Copy out exactly the lines spanning the line with "An original surrealist" to the line with "Домианъ, медицинский центр", inclusive, from the data underneath, with no pictures.

■ **Material for this task**
□ □ □ □ □ □ □

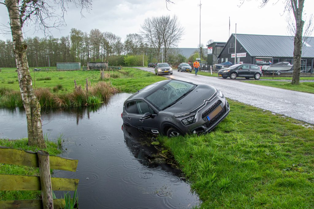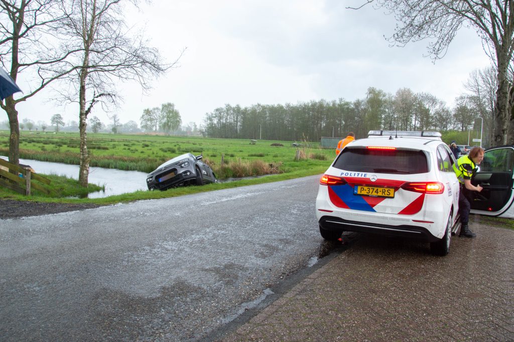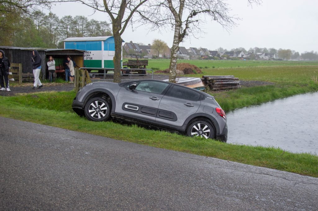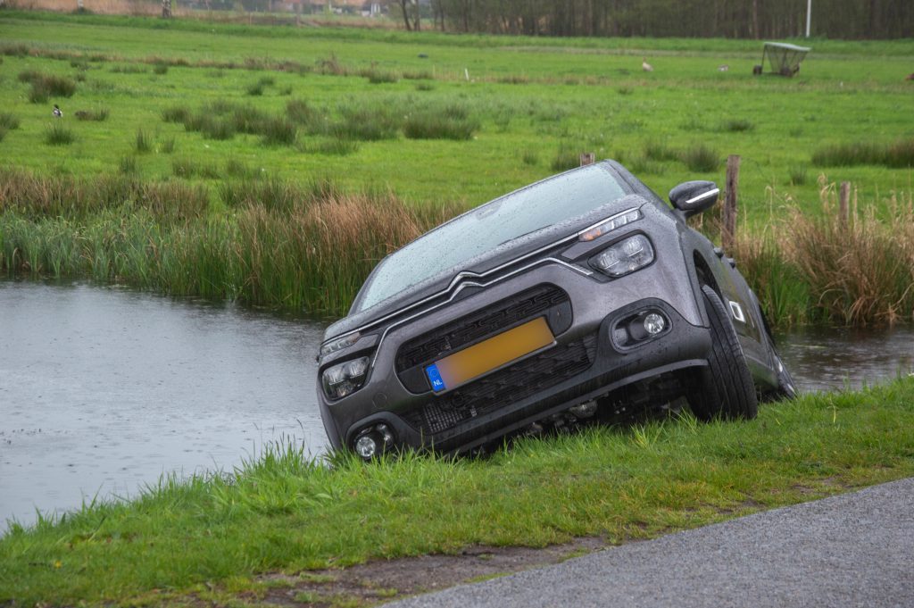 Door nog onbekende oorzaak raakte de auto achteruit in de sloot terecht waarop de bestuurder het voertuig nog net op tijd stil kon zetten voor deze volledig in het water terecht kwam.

□ □ □ □ □ □ □

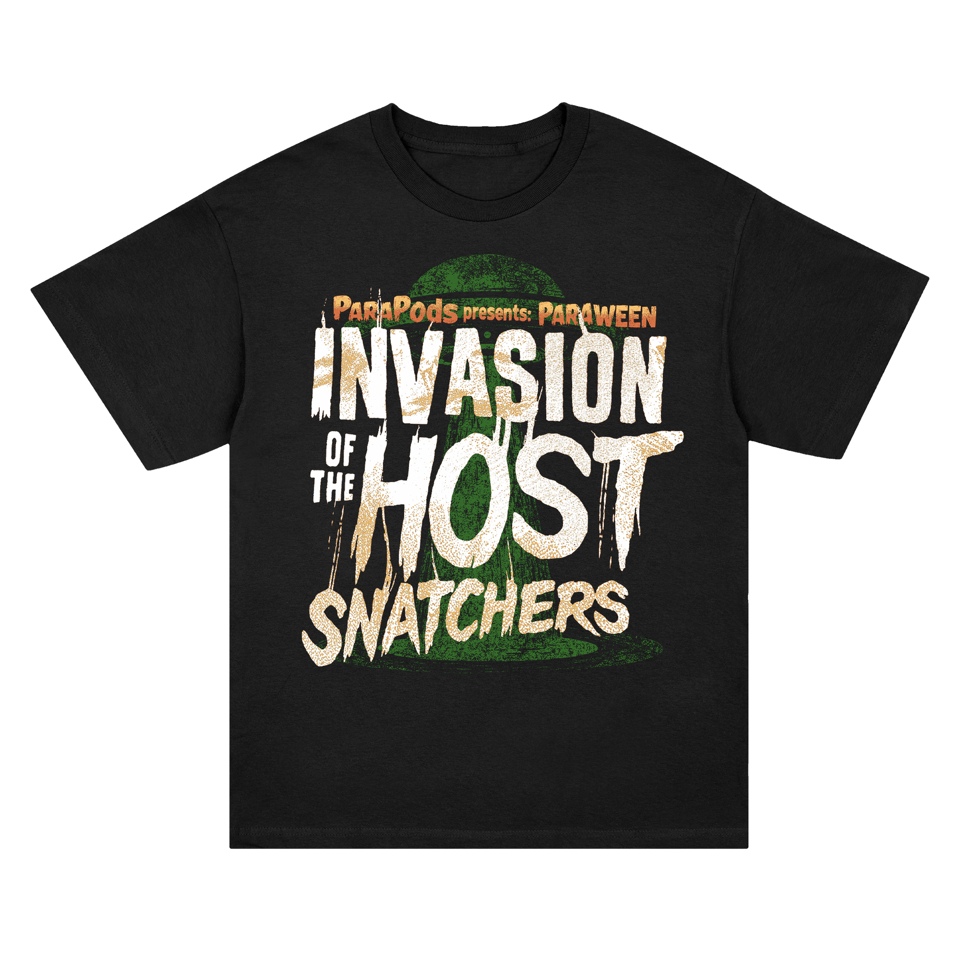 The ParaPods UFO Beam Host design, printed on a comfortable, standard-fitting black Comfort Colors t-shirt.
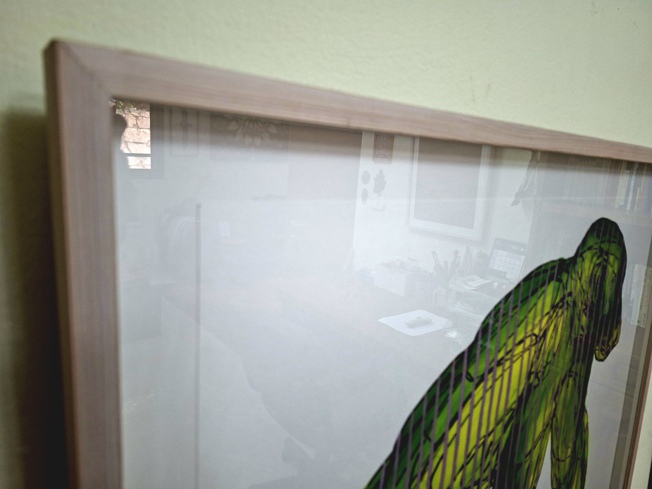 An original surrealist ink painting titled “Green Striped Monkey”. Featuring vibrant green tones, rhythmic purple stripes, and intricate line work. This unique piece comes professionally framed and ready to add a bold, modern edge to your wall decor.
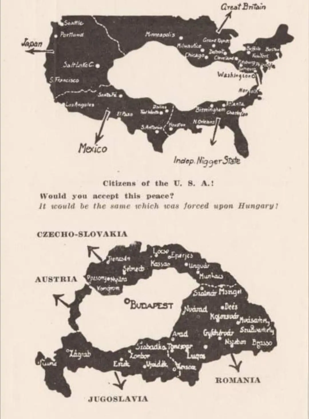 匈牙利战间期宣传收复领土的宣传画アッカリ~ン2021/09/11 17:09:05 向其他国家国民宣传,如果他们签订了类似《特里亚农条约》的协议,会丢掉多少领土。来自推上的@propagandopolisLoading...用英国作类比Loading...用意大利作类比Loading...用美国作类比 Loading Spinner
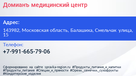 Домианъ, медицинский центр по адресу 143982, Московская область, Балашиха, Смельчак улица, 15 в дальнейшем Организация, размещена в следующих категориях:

□ □ □ □ □ □ □

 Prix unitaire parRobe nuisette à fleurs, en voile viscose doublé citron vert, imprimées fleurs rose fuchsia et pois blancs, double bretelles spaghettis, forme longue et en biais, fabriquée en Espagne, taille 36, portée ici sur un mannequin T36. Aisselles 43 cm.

□ □ □ □ □ □ □

■ **Response to this task**
 An original surrealist ink painting titled “Green Striped Monkey”. Featuring vibrant green tones, rhythmic purple stripes, and intricate line work. This unique piece comes professionally framed and ready to add a bold, modern edge to your wall decor.
 匈牙利战间期宣传收复领土的宣传画アッカリ~ン2021/09/11 17:09:05 向其他国家国民宣传,如果他们签订了类似《特里亚农条约》的协议,会丢掉多少领土。来自推上的@propagandopolisLoading...用英国作类比Loading...用意大利作类比Loading...用美国作类比 Loading Spinner
 Домианъ, медицинский центр по адресу 143982, Московская область, Балашиха, Смельчак улица, 15 в дальнейшем Организация, размещена в следующих категориях:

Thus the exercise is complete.